The first Quote Quest of the year (to which I didn’t contribute – I promise to be here more in 2021!) was a look forward to the new year, its challenges and opportunities, and this by Alethea Hunt was a beautiful reflection.

I liked this guest post by Violet Grey on Girl on the Net’s site. Don’t Bury Your Gays discusses, amongst other things, something much talked about in recent years in DIVA, the way that LGBT characters in TV films always seem to come to a sticky end, Rana Nazir in Corrie for example. Lesbian bed death is a thing. Lesbian soap death shouldn’t be.

On Kink of the Week I enjoyed Floss’s reflections on what love means to her.

I have not written much about sex workers’ rights in recent times but am still passionately committed to the cause. Margo St. James, one of the founders of the sex workers’ rights movement in the US died in January. Maggie McNeill paid tribute to her in 2013 here. The San Francisco Chronicle published an obituary on 13th January

Meanwhile my collaboration with Posy Churchgate , Delphine’s Schooldays, continues. Posy’s latest chapter is here and the mystery of the incriminating documents continues.

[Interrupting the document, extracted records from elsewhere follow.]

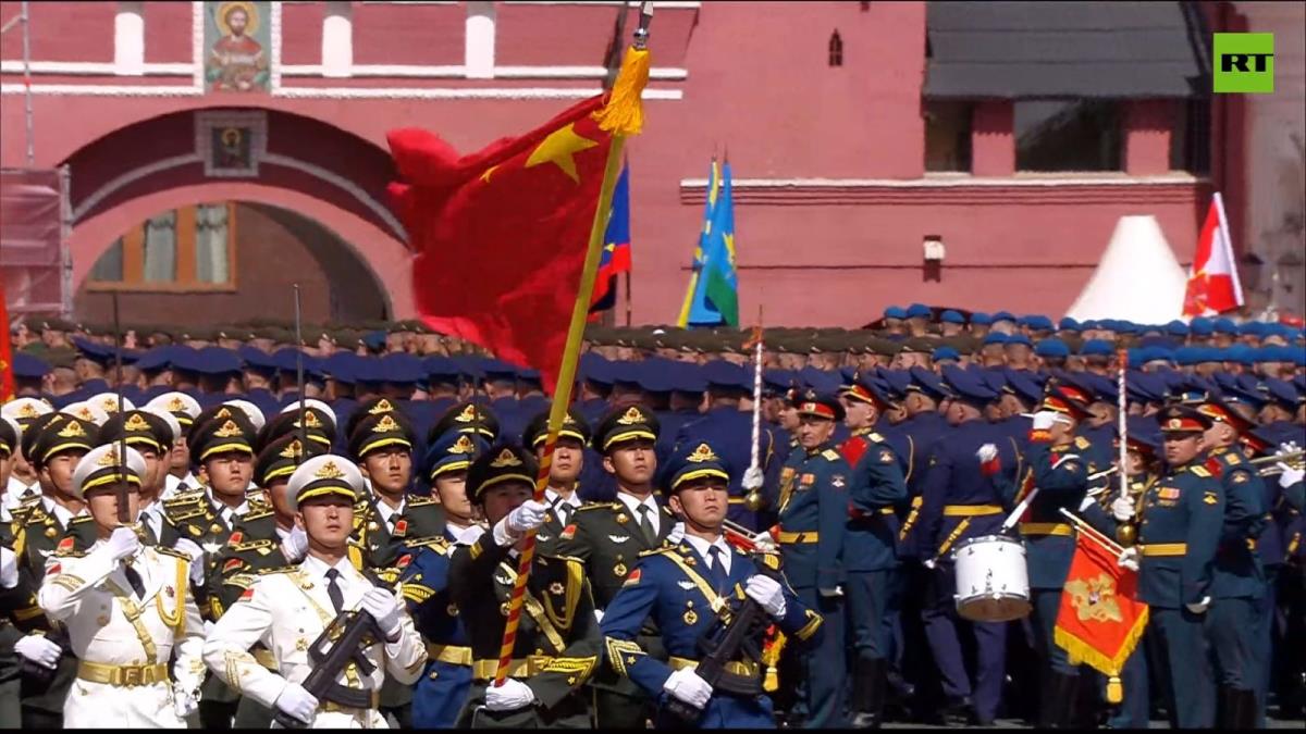 Hình ảnh khối diễu binh Trung Quốc tiến qua lễ đài. Ảnh: RT
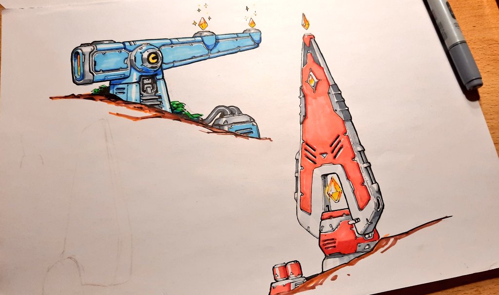 More exploration sketches on paper of possible bg objects for my mage bots ... I'm not an experienced hardsurface/scifi artist, so this may look odd and senseless
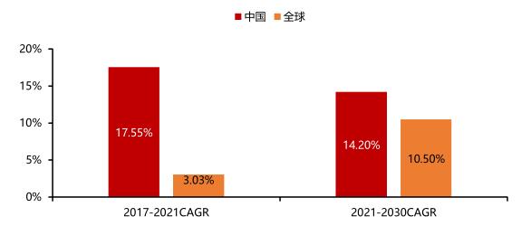 图表:中国医美行业复合增长率超全球市场
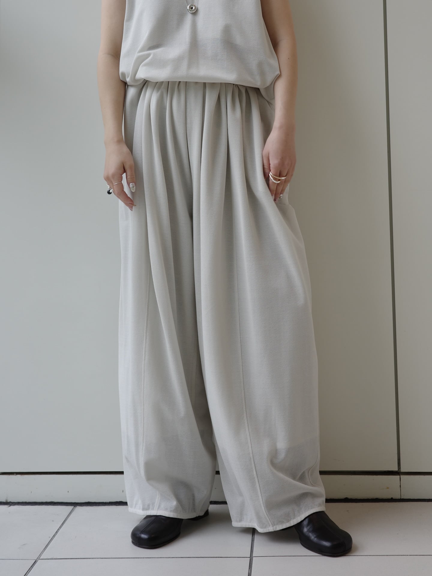 HAKUJI | Crepe jersey gather pants - ICE GREY -
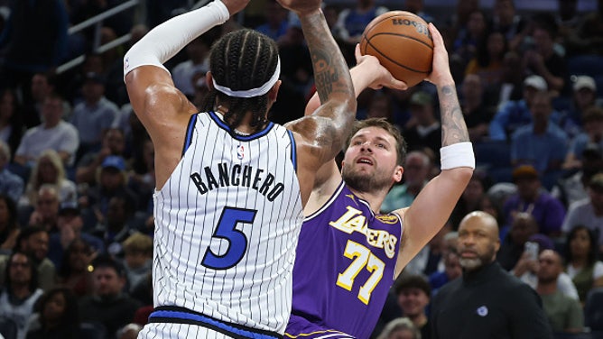 Los Angeles Lakers guard Luka Dončić shoots under Orlando Magic forward Paolo Banchero. (Stephen M. Dowell/Orlando Sentinel/Tribune News Service via Getty Images)
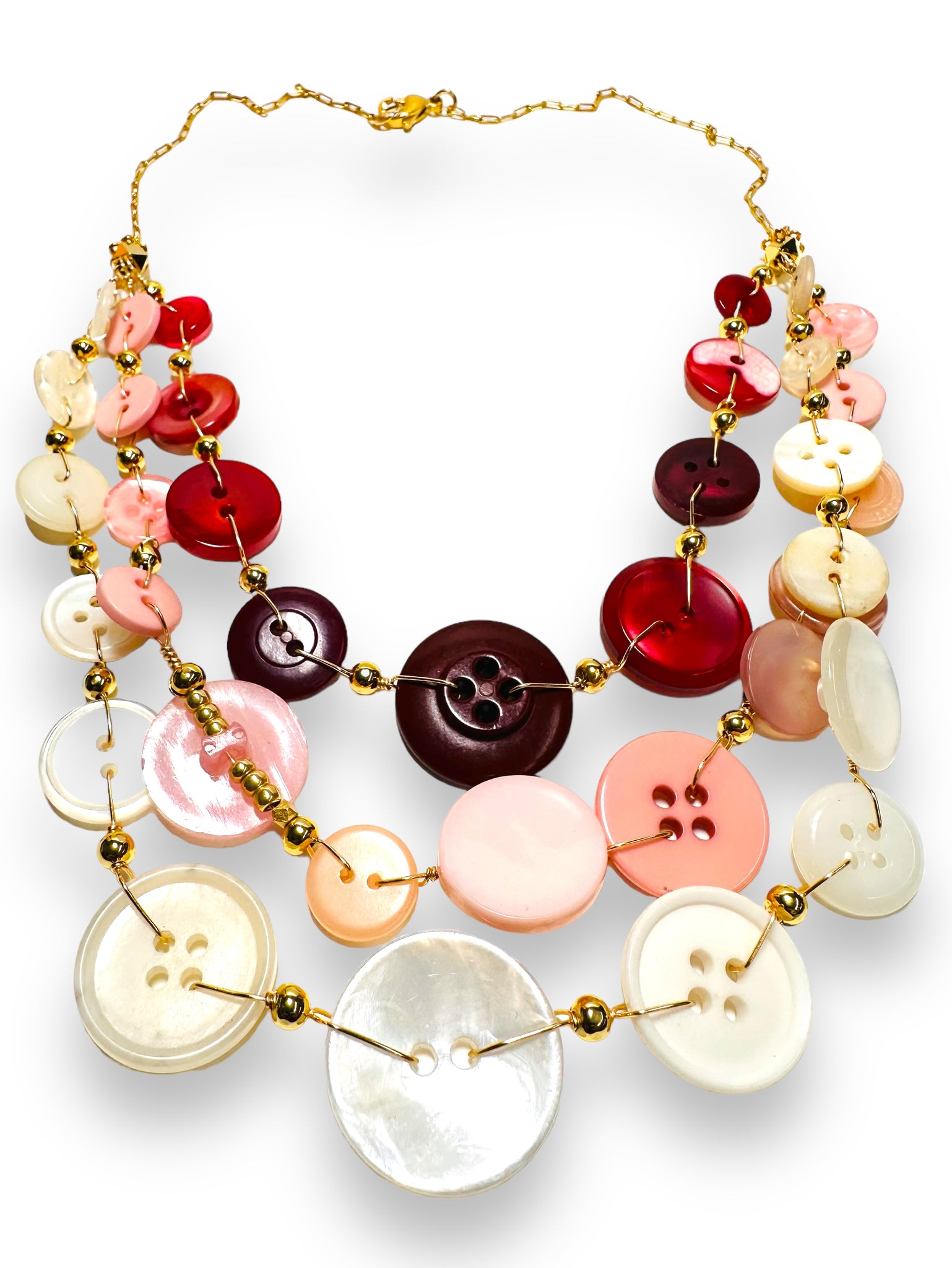 16” long button necklace made with plated silver wire and chain. Vintage buttons in various colors of creamy white, pink and burgundy. Gold plated brass chain and accent beads.
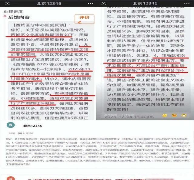 那天晚上在北京北展剧场,郭德纲和于谦表演了新段子《艺高人胆小》,名字听着正经,内容却有点出格,观众反映里面用了不少“于谦是你爹”这类梗,还有“拉出来塞嘴里”这种话,甚至提到“红灯区”“拉皮条”,让人觉得不太合适,更厉害的是郭德纲把黑粉比作抢银行的、小偷、要饭的、站街的,西城区文旅局很快回应说,节目有备案,但确实低俗,演员被批评,主办方得整改,这不是随便说说,是真的给了警告。
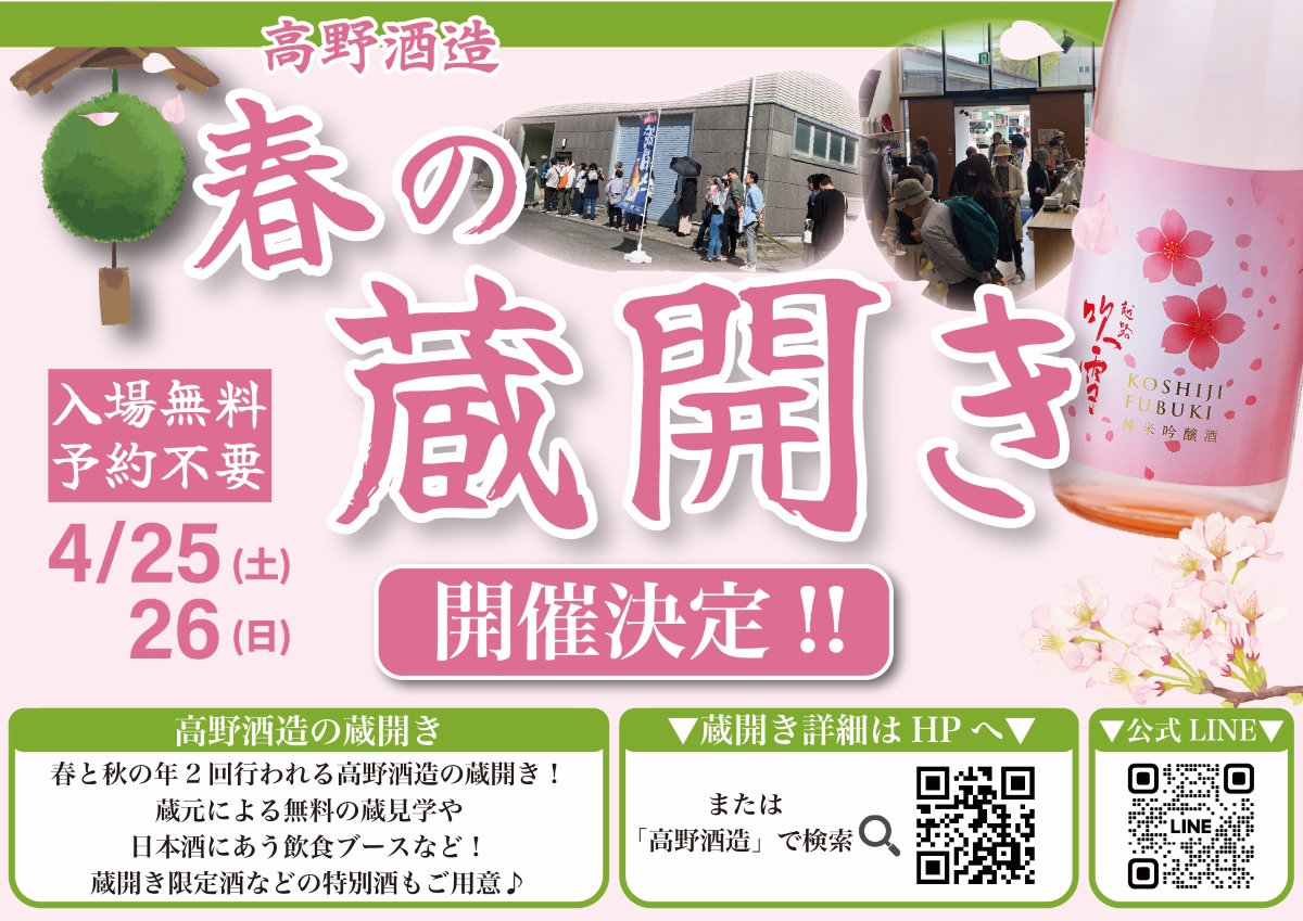 春の蔵開き開催決定!4月25日(土)26日(日)の2日間開催!
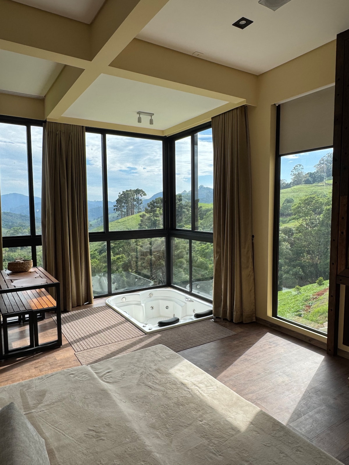 Located on one of the highest mountains in São Bento do Sapucaí, Chalet nas Nuvens (just 20 minutes from downtown São Bento) is a luxurious glass mountain house offering exclusive trails, a farm with animals, hot tub, thousands of fruit trees, a bbq, deck with the most beautiful sunset in the region, a fireplace, fire pits, and magnificent year-round views of the Serra da Mantiqueira Mountains. We like to call it "heaven on earth."
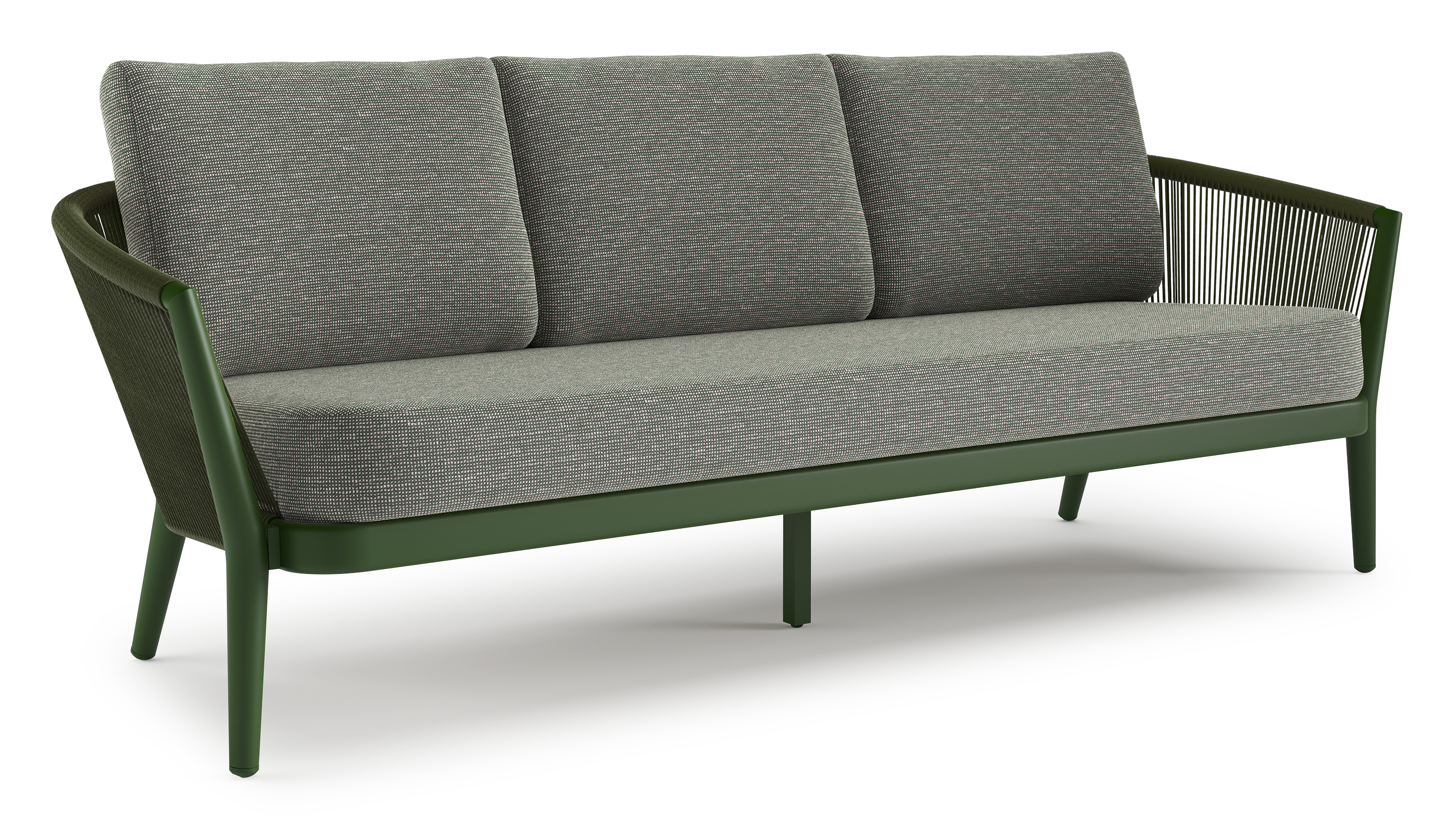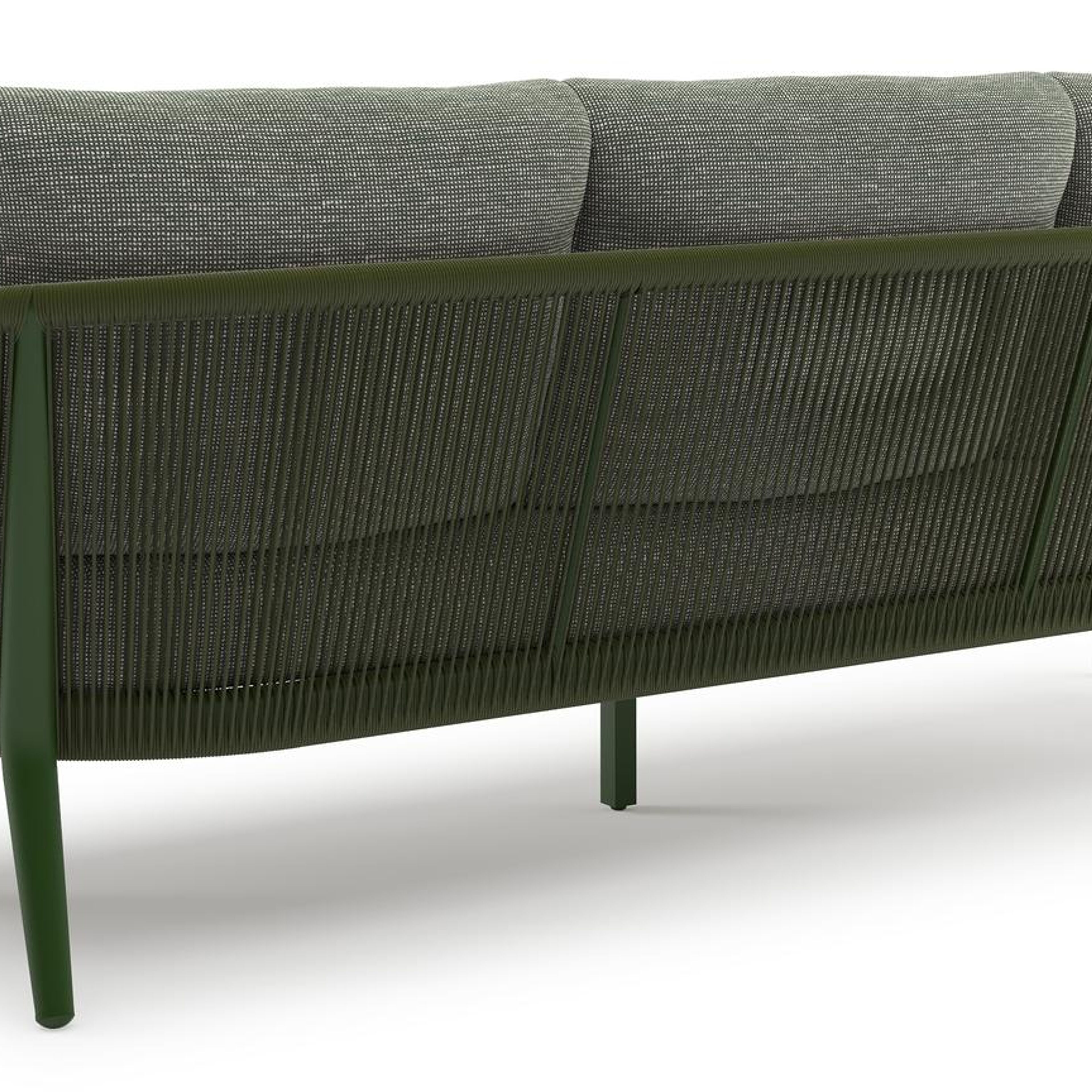 Orso loungebank in groen aluminium en groen verticaal geweven ronde rope met Slow Fern all weather sunbrella® luxe kussen | Exterioo tuinmeubelen
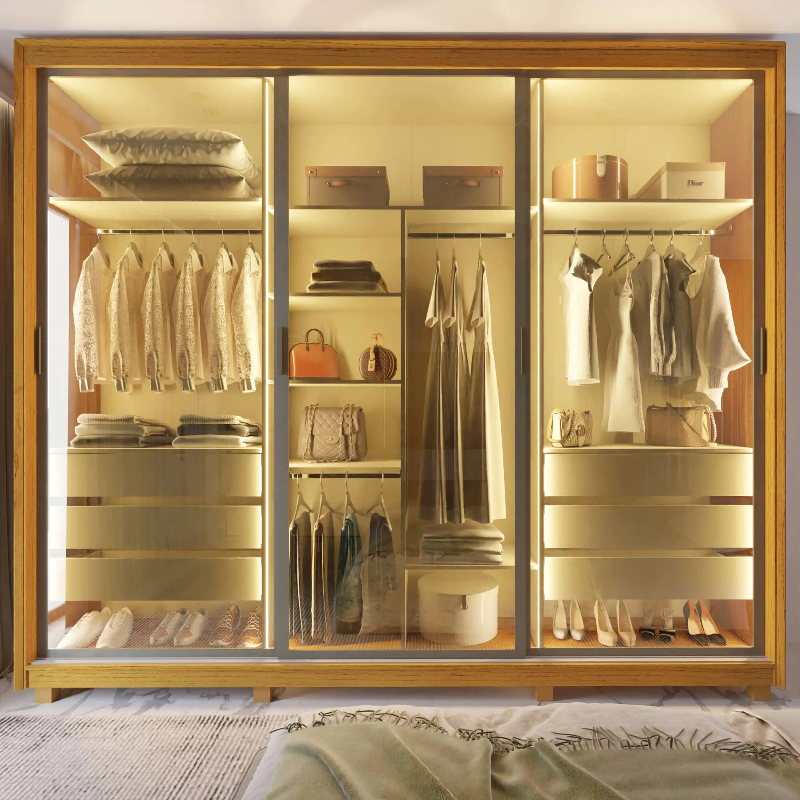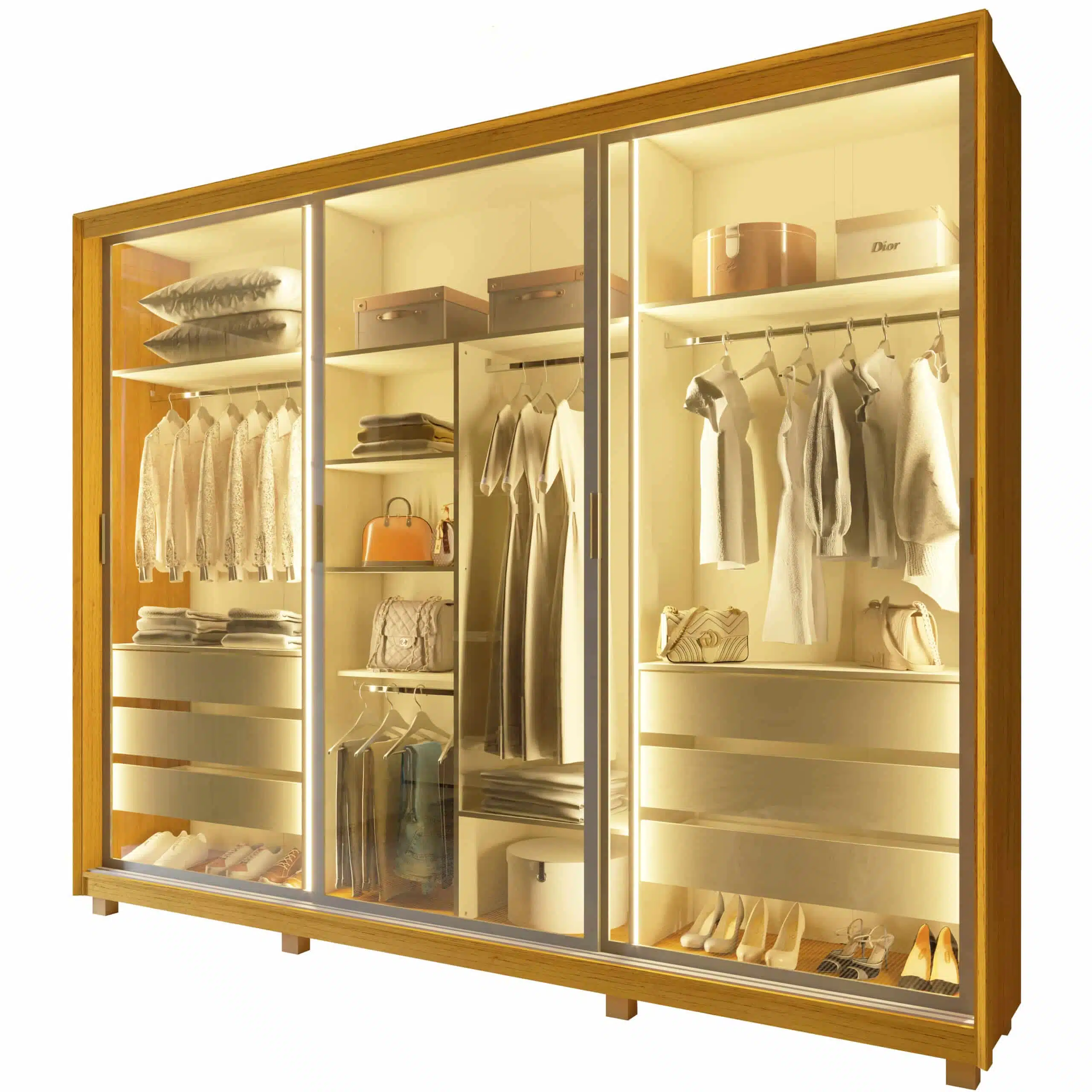 O Roupeiro Platinum 3P é a união perfeita entre inovação, design e funcionalidade. Com portas deslizantes em vidro reflecta, ele traz um toque moderno e sofisticado ao ambiente, além de seguir as principais tendências do mobiliário contemporâneo. O acabamento com requadro em alumínio e iluminação em LED de cor quente nas laterais e divisórias valoriza ainda mais o visual e facilita o uso no dia a dia. Produzido 100% em MDF, conta com seis gavetas com corrediças telescópicas e um interno funcional com divisão ele/ela na elegante cor Off White. Também está disponível com opção de portas em MDF, com kit espelho opcional. Uma solução completa para quem busca elegância, inovação e praticidade no quarto.
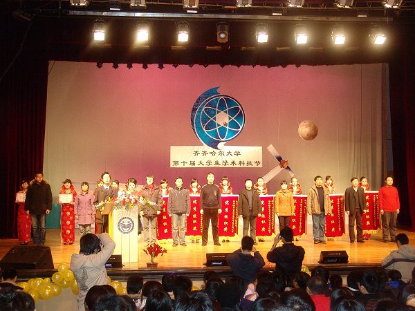 閉幕式上,副校長姜守訓(xùn)宣讀了《齊齊哈爾大學(xué)第十屆大學(xué)生學(xué)術(shù)科技節(jié)各項(xiàng)競賽活動(dòng)獲獎(jiǎng)集體和個(gè)人名單》和《2007年度在全國、全省大學(xué)生學(xué)術(shù)競賽活動(dòng)中獲獎(jiǎng)集體和個(gè)人名單》,對在本屆科技節(jié)中表現(xiàn)突出的科技活動(dòng)先進(jìn)集體和個(gè)人進(jìn)行了命名表彰。我校王曉宇等40余名學(xué)生個(gè)人、近120個(gè)學(xué)生團(tuán)隊(duì)分獲“求知?探索?創(chuàng)新”大學(xué)生科技論壇、“科技之星”大學(xué)生知識與創(chuàng)意能力大賽、大學(xué)生創(chuàng)業(yè)計(jì)劃大賽等活動(dòng)的各類獎(jiǎng)項(xiàng);通信與電子工程學(xué)院、經(jīng)濟(jì)管理學(xué)院、理學(xué)院、計(jì)算機(jī)與控制工程學(xué)院、生命科學(xué)與工程學(xué)院、應(yīng)用技術(shù)學(xué)院、化學(xué)與化學(xué)工程學(xué)院、人文學(xué)院獲得本屆科技節(jié)“優(yōu)秀組織獎(jiǎng)”榮譽(yù)稱號。

Floss is one of my favourite bloggers and I make no apologies for including another post by her, this time from Sinful Sunday of Floss and her pregnancy pillow. This reminded me of what happened when Vanity Fair had a picture of a 7 months pregnant Demi Moore on the cover of its August 1991 edition and there were widespread expressions of outrage about this allegedly disgusting spectacle. I hope we have moved on from those days. Pregnant bodies are beautiful bodies, as Floss shows here.

2020 has been a year of predominantly solo sex for many of us and this post by May More spoke to me, as well as bringing to mind a wonderful memory from a few years ago, of which more another time.

ML Slave Puppet discusses here how she had a frank and honest conversation with her dominant about her specific needs and how they weren’t being met.

2021 is a year of significant musical anniversaries and this December marks the 50th anniversary of the release of the untitled album known to most people as Led Zeppelin IV. It seems hard to believe that there was once a world without Stairway to Heaven and I would have difficulty believing that anyone reading this has not heard it, probably several times. Which brings me to this post by Mr E and Lilly, bloggers who are new to me. I love this monochrome photograph which is atmospheric and doesn’t give up all its secrets on first viewing. There’s a feeling I get when I look to the West……..

As an avid reader I enjoyed Barefoot Sub’s reflections on libraries

This guest post on Girl on the Net’s blog is the first sex toy review I have linked to in a monthly roundup but I thought it was hot!

And finally something else from Quote Quest, a meme that attracts relatively few posts but which are always of top quality, like this by Tabitha Rayne.

And this year I am going to share with you some of my favourite music. I posted on the Musically Ranting meme the first time last week, a memoir of cars and songs and this song will forever be May 1985 at the wheel of a Cortina 1600E. Enjoy, and I will back next month with more things I have enjoyed.